What is expected
Nothing but an exact copy is asked for: the lines in the material below from the one with "- 油が自然発火する天ぷら火" through the one with "black, silver and", pictures excluded.

Information
○ ○ ○ ○ ○ ○ ○
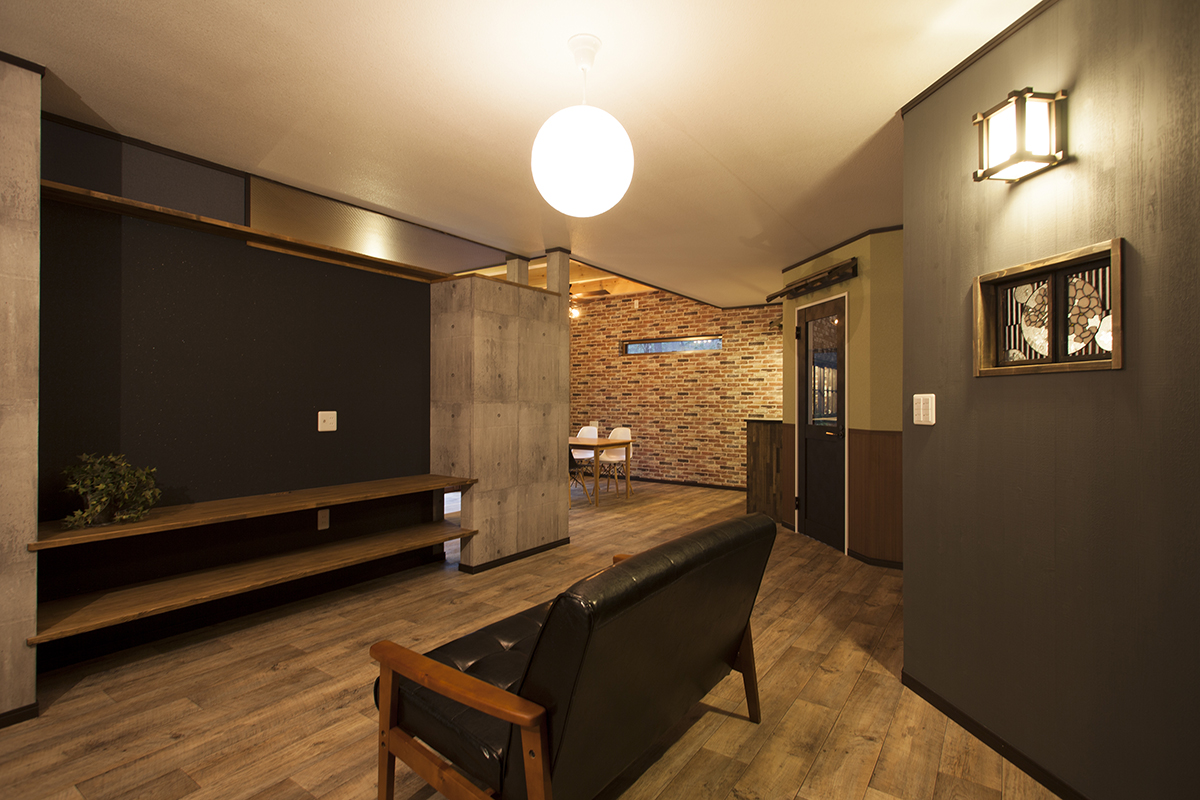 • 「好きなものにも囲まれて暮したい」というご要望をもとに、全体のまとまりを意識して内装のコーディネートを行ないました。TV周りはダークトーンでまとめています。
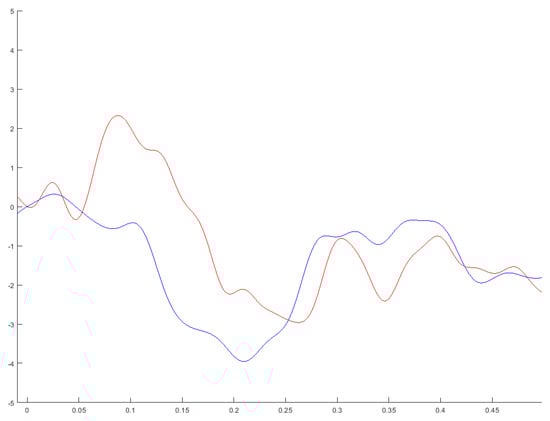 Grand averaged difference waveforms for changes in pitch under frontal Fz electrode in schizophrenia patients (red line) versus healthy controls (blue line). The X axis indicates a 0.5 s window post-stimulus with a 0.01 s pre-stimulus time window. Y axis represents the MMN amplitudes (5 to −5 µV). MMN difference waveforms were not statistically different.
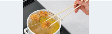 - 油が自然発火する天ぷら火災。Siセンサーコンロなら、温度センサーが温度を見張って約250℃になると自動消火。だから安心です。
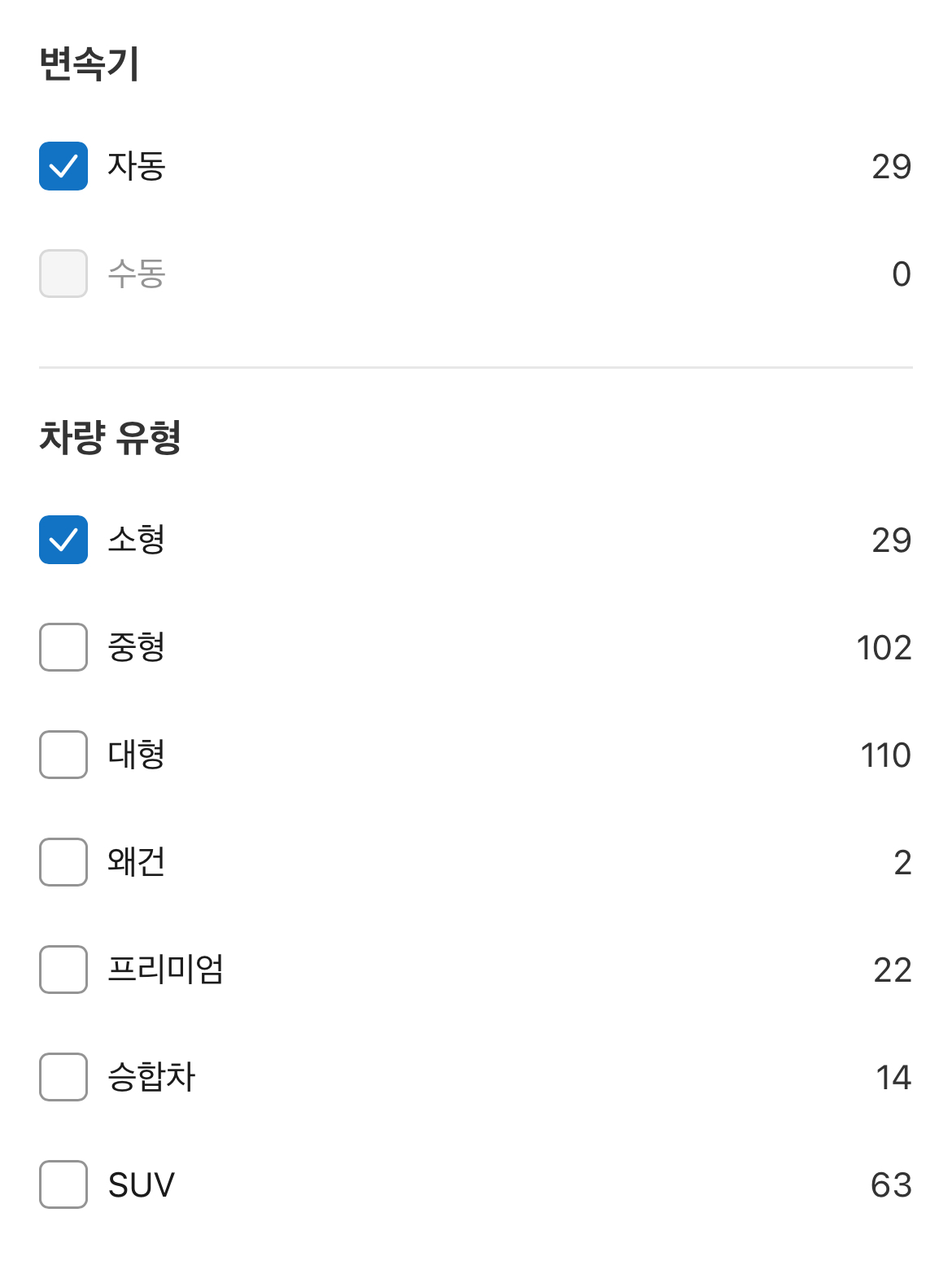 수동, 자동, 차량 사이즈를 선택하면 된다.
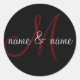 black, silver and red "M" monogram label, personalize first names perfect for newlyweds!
○ ○ ○ ○ ○ ○ ○
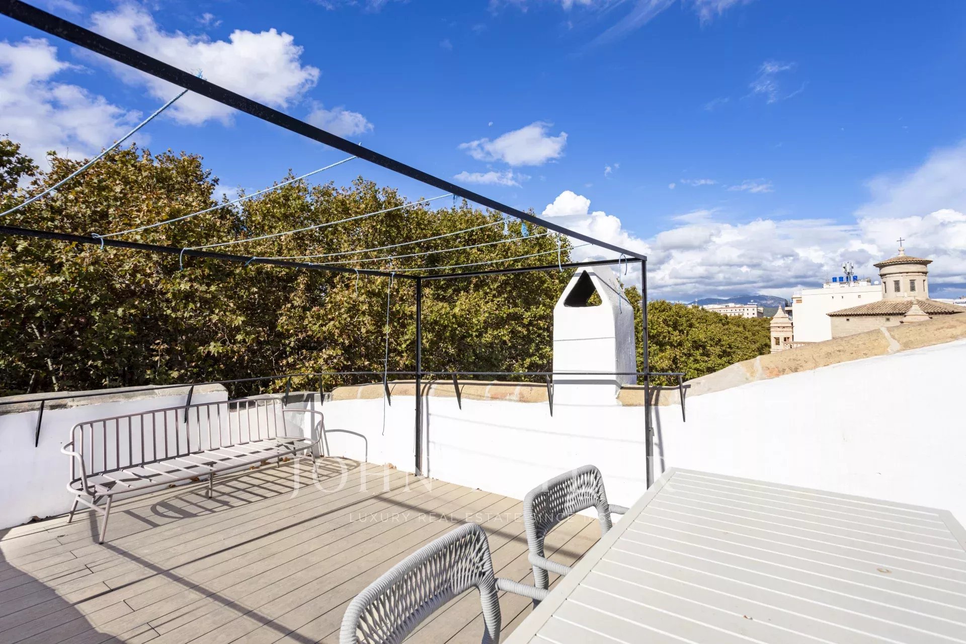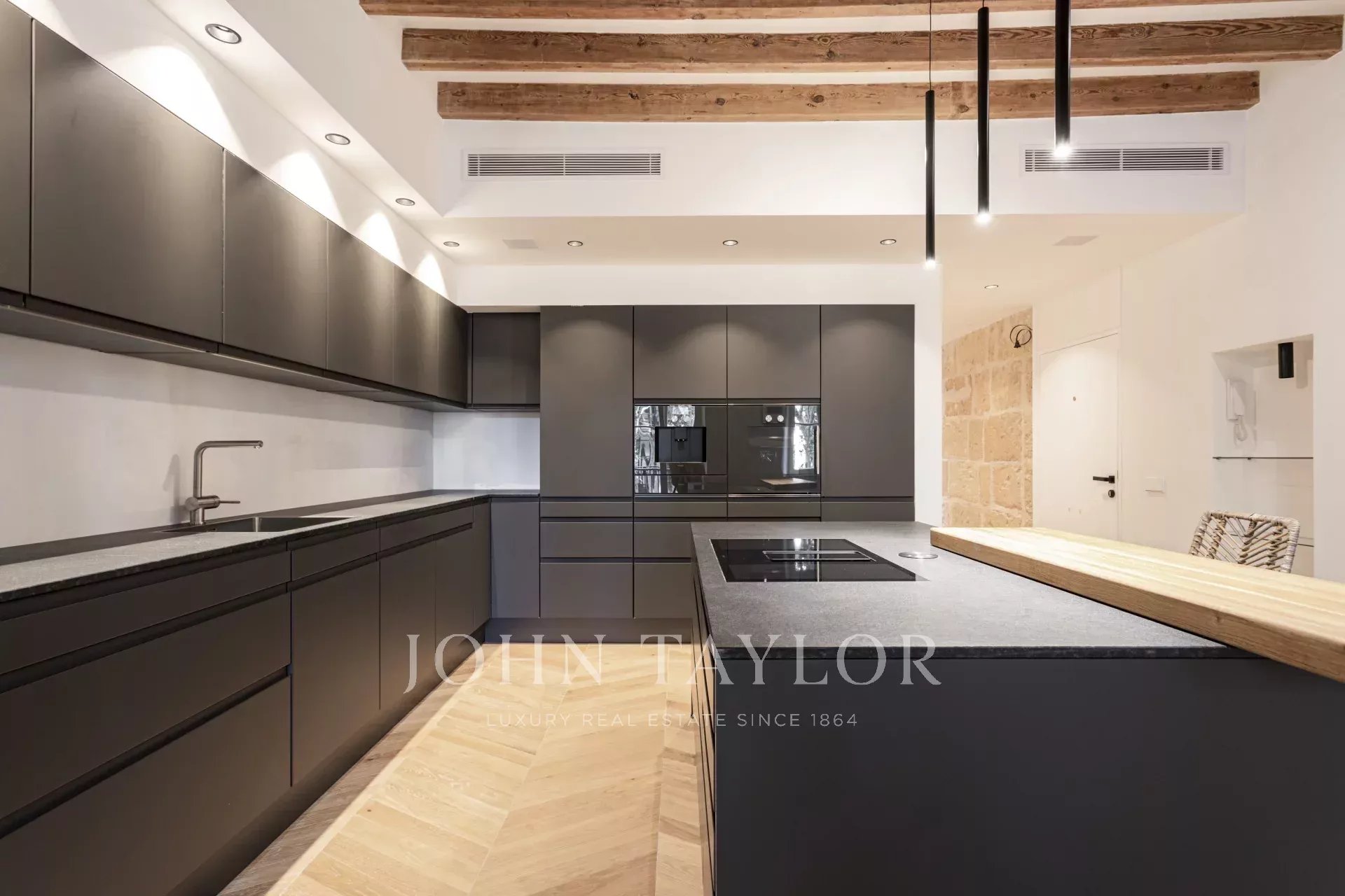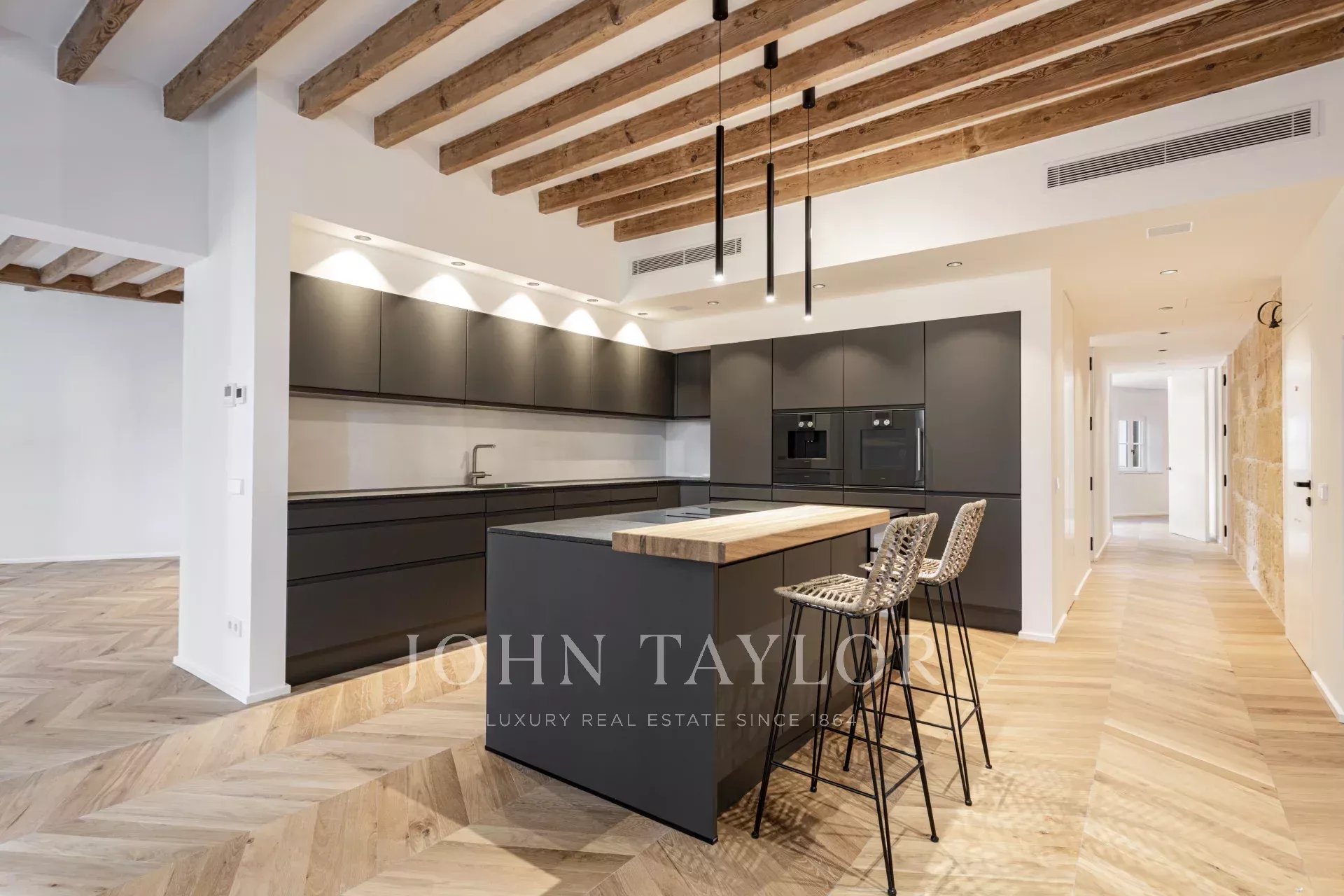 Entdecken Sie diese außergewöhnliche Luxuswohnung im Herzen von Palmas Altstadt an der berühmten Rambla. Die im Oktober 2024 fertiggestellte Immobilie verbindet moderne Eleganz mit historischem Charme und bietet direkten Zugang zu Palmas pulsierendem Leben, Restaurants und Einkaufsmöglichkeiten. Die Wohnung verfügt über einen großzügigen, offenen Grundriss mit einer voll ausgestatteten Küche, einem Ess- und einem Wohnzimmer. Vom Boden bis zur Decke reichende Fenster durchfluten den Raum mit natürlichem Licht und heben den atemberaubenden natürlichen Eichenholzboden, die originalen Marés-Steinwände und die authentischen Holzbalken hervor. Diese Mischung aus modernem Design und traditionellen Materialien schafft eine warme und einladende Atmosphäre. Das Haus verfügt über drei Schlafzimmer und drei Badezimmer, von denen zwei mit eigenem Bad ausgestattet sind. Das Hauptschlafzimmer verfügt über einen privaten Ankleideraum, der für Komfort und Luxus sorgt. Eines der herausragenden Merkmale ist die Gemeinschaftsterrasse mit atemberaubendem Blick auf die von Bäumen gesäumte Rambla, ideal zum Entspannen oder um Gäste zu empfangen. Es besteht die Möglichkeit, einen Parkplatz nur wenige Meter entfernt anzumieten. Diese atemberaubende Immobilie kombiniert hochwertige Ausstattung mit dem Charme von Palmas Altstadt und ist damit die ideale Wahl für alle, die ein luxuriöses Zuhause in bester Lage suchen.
○ ○ ○ ○ ○ ○ ○
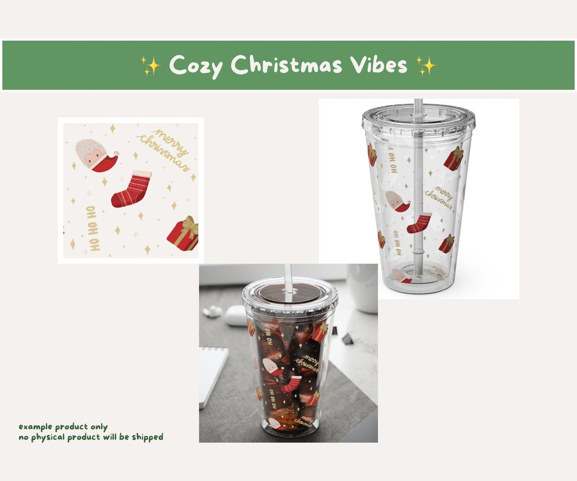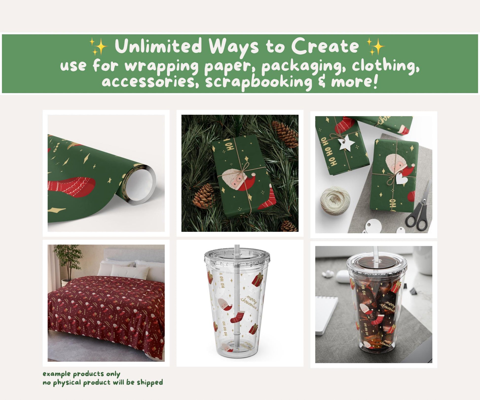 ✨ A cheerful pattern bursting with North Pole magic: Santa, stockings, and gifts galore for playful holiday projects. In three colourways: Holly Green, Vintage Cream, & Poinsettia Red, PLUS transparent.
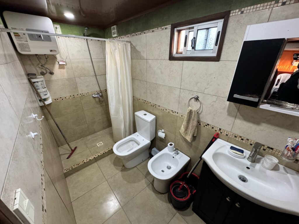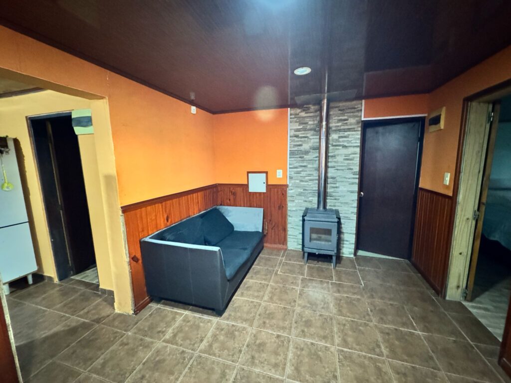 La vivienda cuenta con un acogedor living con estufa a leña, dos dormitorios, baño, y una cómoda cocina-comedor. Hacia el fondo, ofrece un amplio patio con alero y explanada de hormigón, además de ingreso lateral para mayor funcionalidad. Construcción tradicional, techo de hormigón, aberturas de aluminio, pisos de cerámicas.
○ ○ ○ ○ ○ ○ ○
Your solution
 - 油が自然発火する天ぷら火災。Siセンサーコンロなら、温度センサーが温度を見張って約250℃になると自動消火。だから安心です。
 수동, 자동, 차량 사이즈를 선택하면 된다.
 black, silver and red "M" monogram label, personalize first names perfect for newlyweds!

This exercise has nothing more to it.